Therapists, more so than staff members from other departments at Thunder Road, were placed in the firing line of this precarious dynamic, and as the feelings, assumptions, and secrets started flying, it was easy to get tagged if standing nearby. And that’s the life of a therapist: we stand nearby, moving amongst the emotional shrapnel, but seeking to fix our positions so we can help. Clients either begrudged or idealized their therapists for a plethora reasons. In time, all the feelings, expectations, and beliefs that would otherwise be directed at parents would be dropped on the laps of case managers/therapists. Some therapists would be dismissed (by clients) for being incompetent, which usually meant they were deemed intrusive, unresponsive or unavailable. This mirrored the persona of the absent or preoccupied parent, who would forget to bring favorite clothing items on a Saturday visiting; who failed to call school officials and request a transfer of records for Thunder Road. Entering the back doors at Thunder Road to begin a workday is a bit like being a father coming home from work. You plug in your keys, disengage the alarm, walk in and hope to make it to the elevator twenty feet away without hearing your name bellowed out from across a hallway. If you make it, you’re in. You’re safe. Downstairs is where your office is, and once ensconced in your cave you can, as a case manager, get some work done—that is, paperwork done—without being importuned by the needs of youth. If feeling present enough, a conscientious therapist might dwell upon the parallels, and consider that avoiding clients’ demands, and thus reenacting those kids’ likely developmental histories, is both insidious and cyclical.

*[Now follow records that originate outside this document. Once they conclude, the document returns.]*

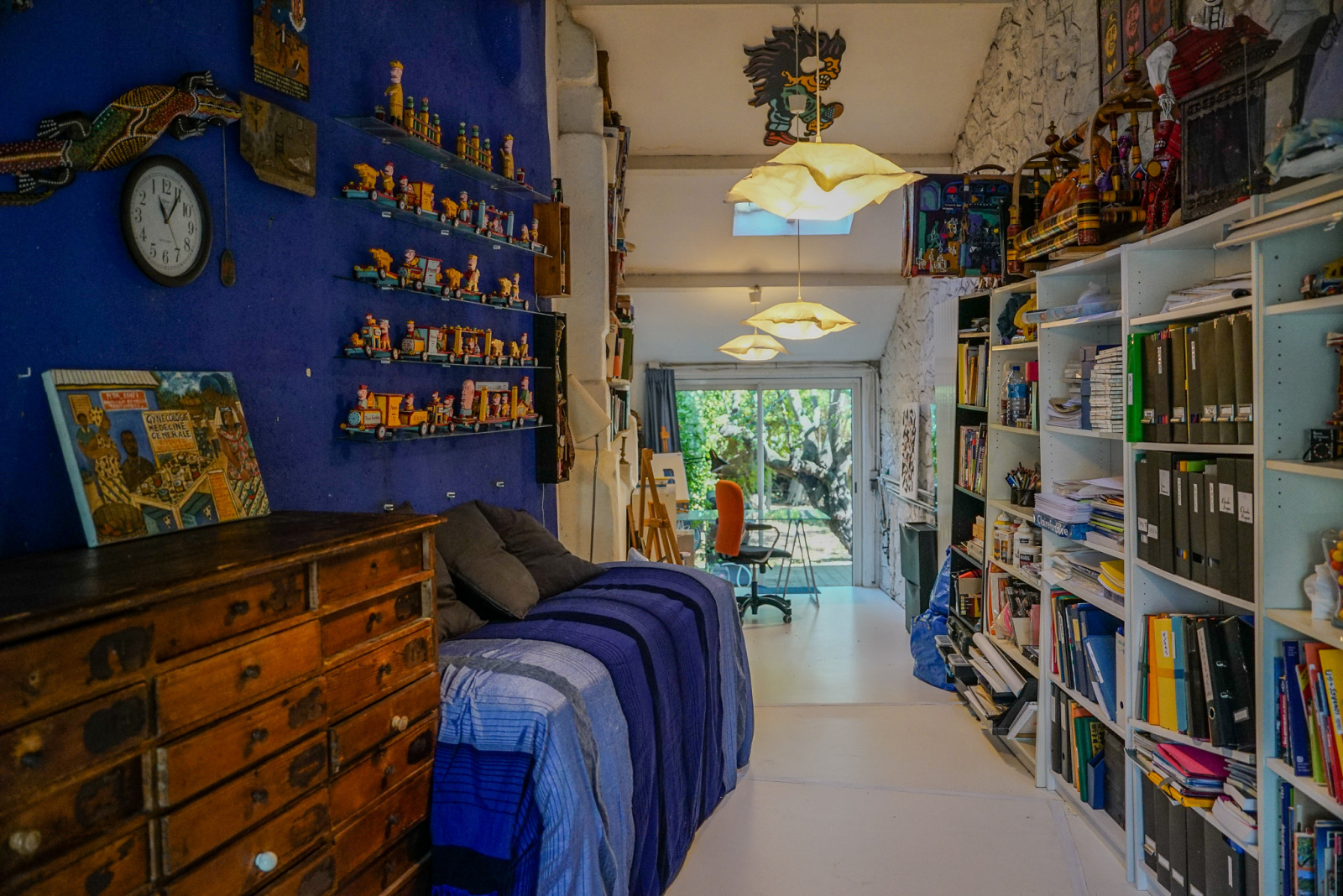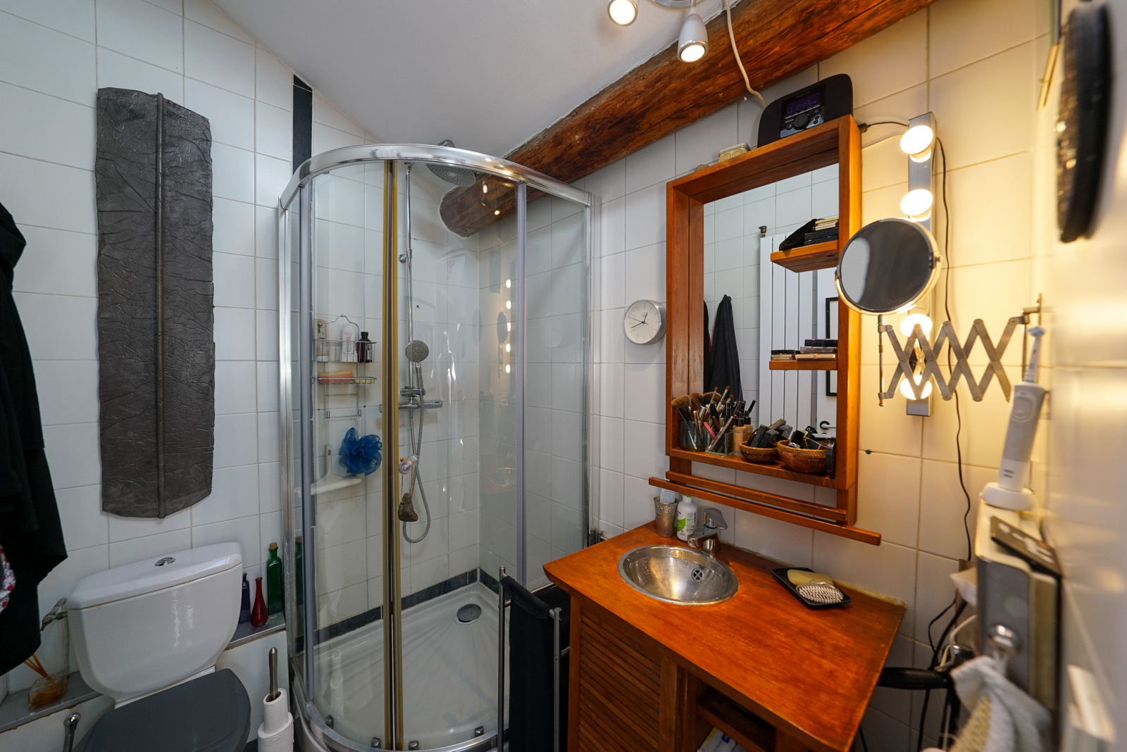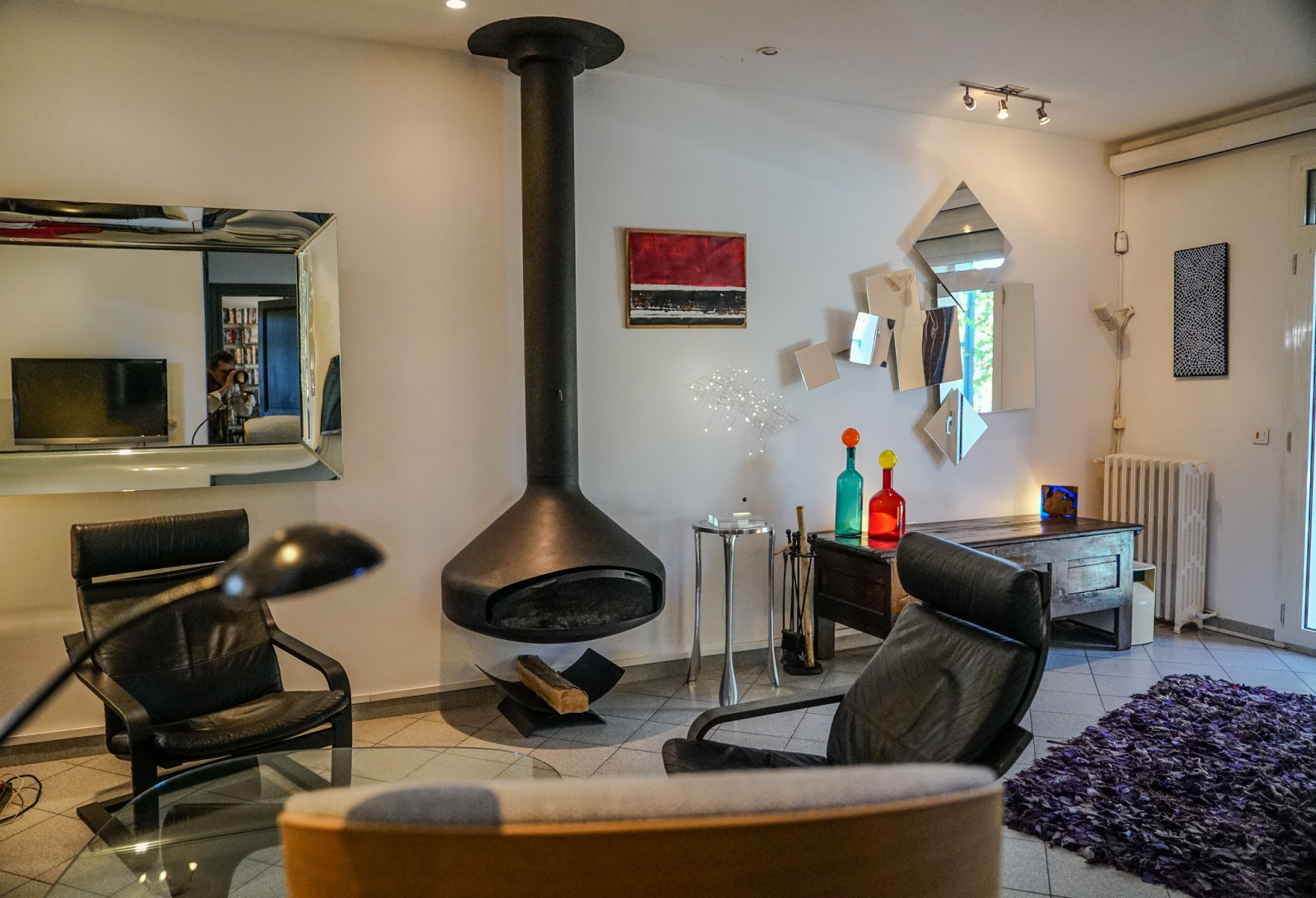 Les matériaux anciens et modernes sont de grande qualité. Il y a dans le salon une cheminée Focus qui souligne la tension ancien-moderne. Quatre chambres, deux salles de bains, deux espaces de travail dont un indépendant et traversant avec accès depuis la rue et vue sur le jardin pouvant accueillir profession libérale, atelier, studio, etc…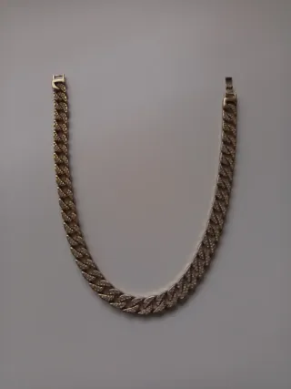 Elegante cadena con un diseño de eslabones cubanos, adornada con pequeñas incrustaciones de diamantes. 50cm - Acabado plateado brillante. - Cierre de seguridad.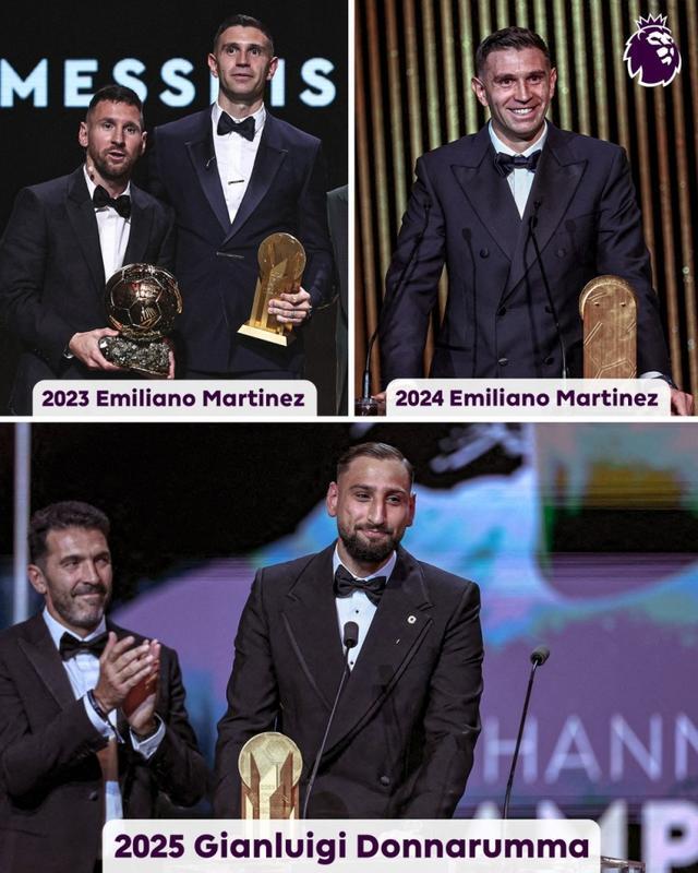 维拉门将马丁内斯在2023年和2024年蝉联雅辛奖,今夏加盟曼城的多纳鲁马则获得了2025年雅辛奖。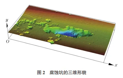 使用激光共聚焦显微镜对管材腐蚀位置进行观察,腐蚀坑的三维形貌如图2所示。由图2可知:在最大腐蚀坑靠近中间位置发生腐蚀穿孔,该位置的腐蚀坑深度最深,在最大腐蚀坑周围分布有较多小腐蚀坑,小腐蚀坑的深度较浅。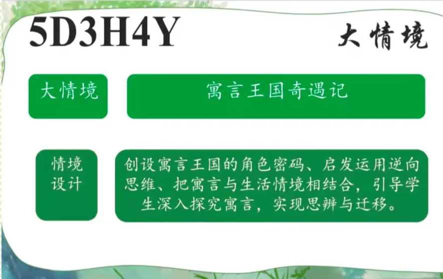 5D3H4Y大情境: 寓言王国奇遇记 创设寓言王国的角色密码、启发运用逆向思维、把寓言与生活情境相结合,引导学生深入探究寓言,实现思辨与迁移。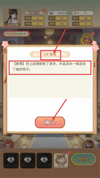 1、触发【2岁-剧情】时,按提示处理【府上赵姨娘有了身孕】的事件,将【补品流水一船】送去其院子,完成后点击【确认】推进流程。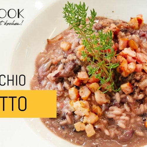 Radicchio halbieren, Strunk entfernen und klein schneiden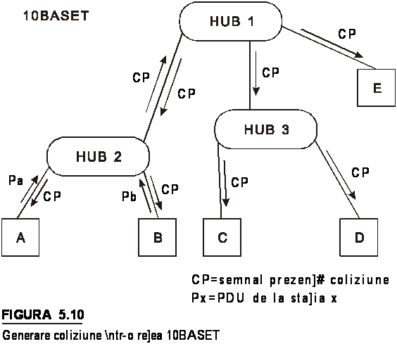 In figura 5.10 se prezinta o structura cu trei HUB-uri in care doua statii (A si B) incearca sa emita simultan.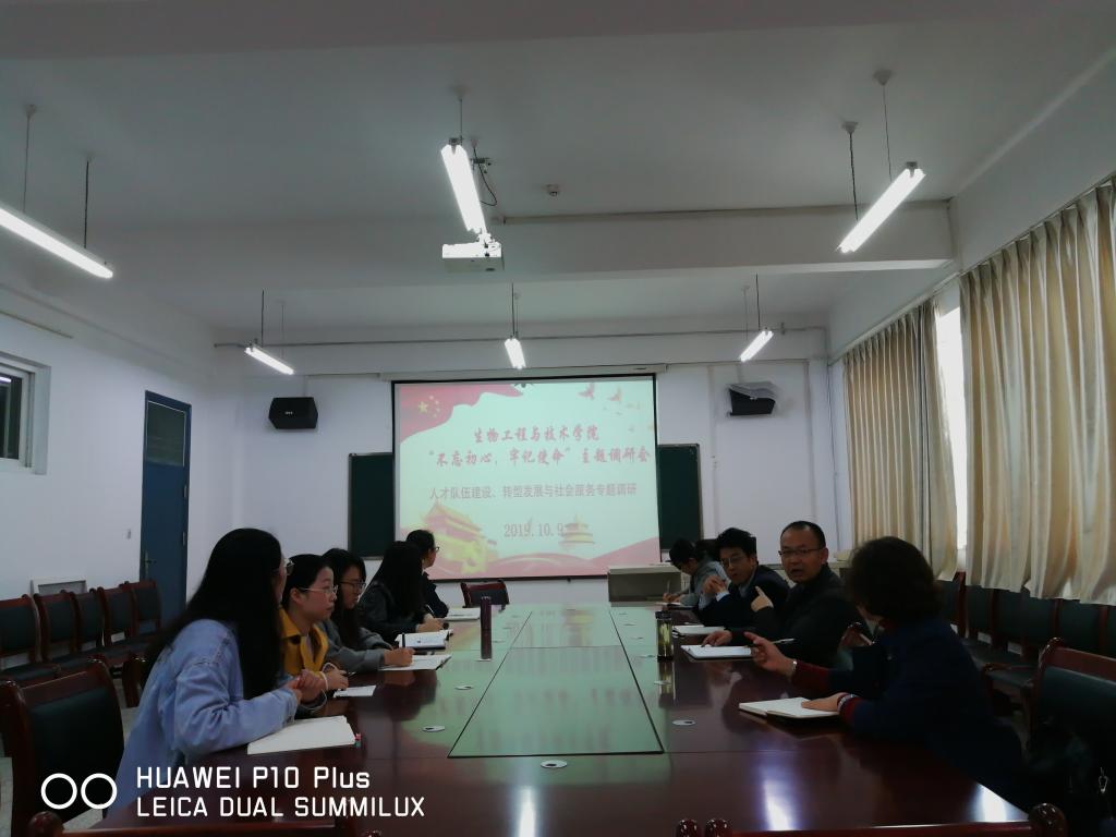 根据学校“不忘初心、牢记使命”主题教育工作安排,学院于10月9日下午在414会议室召开以“人才队伍建设、转型发展与社会服务”为专题的“不忘初心、牢记使命”主题调研会。学院十余位教师参加了此次调研会,会议由院长王廷璞主持。

[12] A term loosely introduced, in this context it means rewards. The subject of reinforcement belongs to behavioral science (or therapy), and different types of reinforcements are staple features of residential programs: point systems as rewards; privileges for positive behavior (positive reinforcement), or simple praise; the withholding of privileges until completion of required assignments (punishment); pressuring clients to comply with requests until compliance is achieved (negative reinforcement).